As further described herein, when active compression decompression therapy is being applied to a victim, a compression ratio method may be used to estimate the depth of the compression. The compression ratio method may reduce or eliminate estimation errors introduced by mechanical aspects of the CPR device, such as the elastomeric plunger. Since the force measurement used in equation (3) is the peak force, the force is a static measurement that is not affected by the elastic dynamics of the plunger (or other mechanical coupling system of the CPR device). In addition, the time synchronization of the data between the force measurement and the acceleration has a large tolerance. The CPR device associates individual force measurements with the compression cycle during which they were measured. No simultaneous measurement of motion and force is required; instead, the force may be measured independently of measuring the patient's motion. As a result, generating a presentation of feedback on the user interface, communicating data to another device, and calculating a compression depth estimate are all simpler than when synchronization data is required. Each mechanical configuration of the CPR device can be associated with coaching data.

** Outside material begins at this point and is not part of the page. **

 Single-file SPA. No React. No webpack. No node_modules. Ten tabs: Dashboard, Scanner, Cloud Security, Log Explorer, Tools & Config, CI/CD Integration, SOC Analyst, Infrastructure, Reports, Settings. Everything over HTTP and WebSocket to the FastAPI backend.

In one aspect, a system for assisting in performing cardiopulmonary resuscitation (CPR) comprises: an active compression decompression device, an ACD device, is configured for a user to push down and pull up on a patient's chest. The system may include: a force sensor configured to measure a force applied by the user to a patient's chest with the ACD device. The system may include: a motion sensor configured to measure a displacement of the patient's chest. The system may include: one or more processors configured to execute computer-executable instructions stored in the memory to perform operations. The operations may include: based on at least one signal of the force sensor, a maximum compression force applied to the patient's chest during a compression cycle and a maximum decompression force applied to the patient's chest during the compression cycle are determined. The operations may include: estimating a displacement value for a total displacement of the patient's chest during a compression cycle for compressing and decompressing the patient's chest based on the at least one signal of the motion sensor. The operations may include: estimating at least one of a compression depth and a decompression displacement for the compression cycle, the estimation being based on the determined compression force, the determined decompression force and the estimated displacement. The system may include: a user interface configured to provide an indication of one or more of a compression depth and a neutral position of a chest of a patient.

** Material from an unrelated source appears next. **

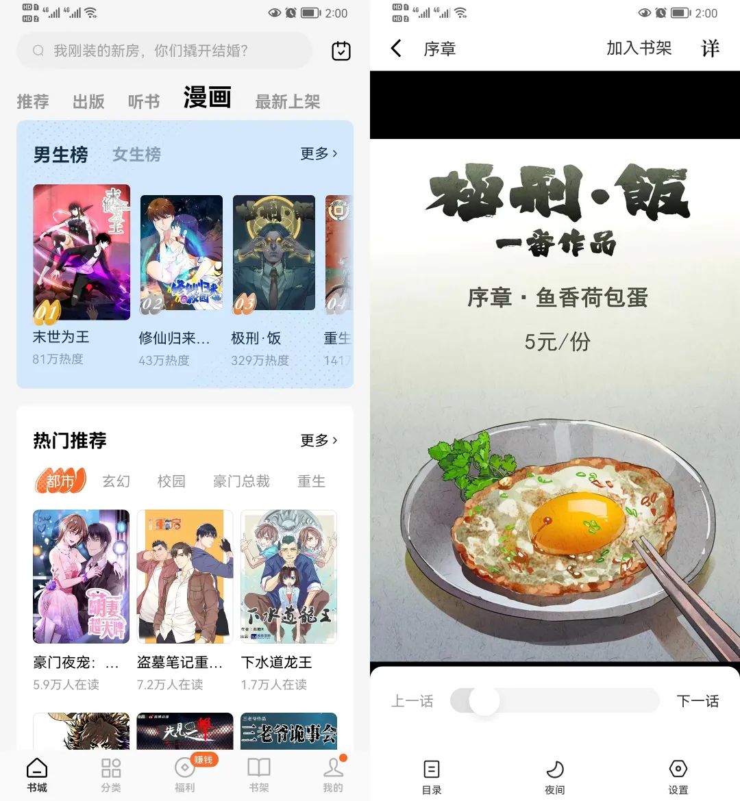 这边打开之后就是下面的页面软件内置听书 漫画 小说为一体

In some implementations, the operations include: estimating compression depth during the compression cycle by determining a proportion of the estimated displacement values. In some implementations, the ratio includes a ratio between i) a first function of the determined pressing force and ii) a second function of the determined pressing force and the determined decompression force, the second function being different from the first function.

In some implementations, the operations include: a neutral position value of the patient's chest for the compression cycle is estimated, the estimation being based on the estimated compression depth. In some implementations, the operations include: applying a first weight value to the determined pressing force; and applying a second weight value to the determined decompression force. The first and second weight values may be based on training data specifying a first relationship between the determined compression force and the compression depth and a second relationship between the determined decompression force and the decompression displacement.

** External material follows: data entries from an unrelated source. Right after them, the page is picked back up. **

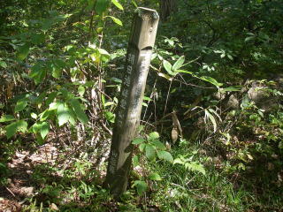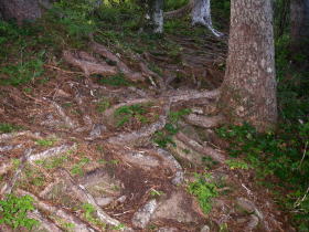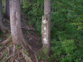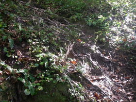 | 登山道はこのように木の根のステップになっていたり、藪を刈った後の地面がそのまま出ているところが多く、人工的なステップや土留めはほとんどなかった。全般的に踏み跡が薄いようだ。鈴出の水というのは尾根上にあり、近くに水がありそうな地形ではなく、水場に行くような分岐も見あたらなかった。 |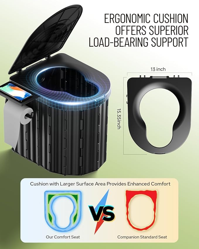 - ERGONOMIC CAMPING TOILET- Taller, larger, and foldable for portability. Designed with a seat cushion specifically for the American body, offering a larger contact area for enhanced comfort. Includes trash bags and liquid solidifier to effectively deodorize and clean urine and feces.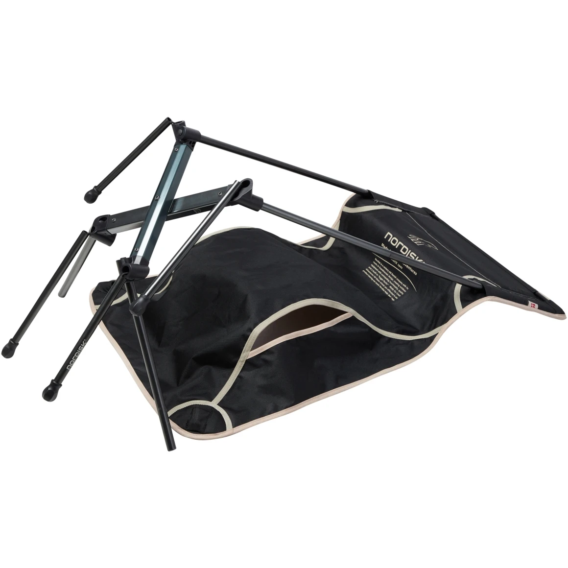 Deze lichtgewicht stoel is gemaakt om te ontspannen. Hij heeft een hogere rugleuning en is perfect voor een koffiepauze. Hij is stevig, duurzaam en gemaakt van een inpakbaar aluminium frame en een speciale nieuwe stof van Nordisk. De stof heeft de uitstraling van canvas, de lichtheid van linnen en ziet er tegelijkertijd stijlvol uit.

In some implementations, the operations include: applying a third weight value to a square of the determined pressing force, the third weight value being based on the training data. The training data may be generated using known compression depth values and known decompression depth values. In some implementations, the first relationship and the second relationship each include one of a linear relationship, a quadratic relationship, and a higher order relationship.

In some implementations, the determined pressing force value may be determined from a first range of pressing force measurement values, and the determined decompression force may be determined from a second range of decompression force measurement values.

In some implementations, the determined compression force and the determined decompression force each include a moving average of a compression force value and a decompression force value, respectively, for a plurality of compression cycles including the compression cycle and one or more compression cycles immediately preceding the compression cycle.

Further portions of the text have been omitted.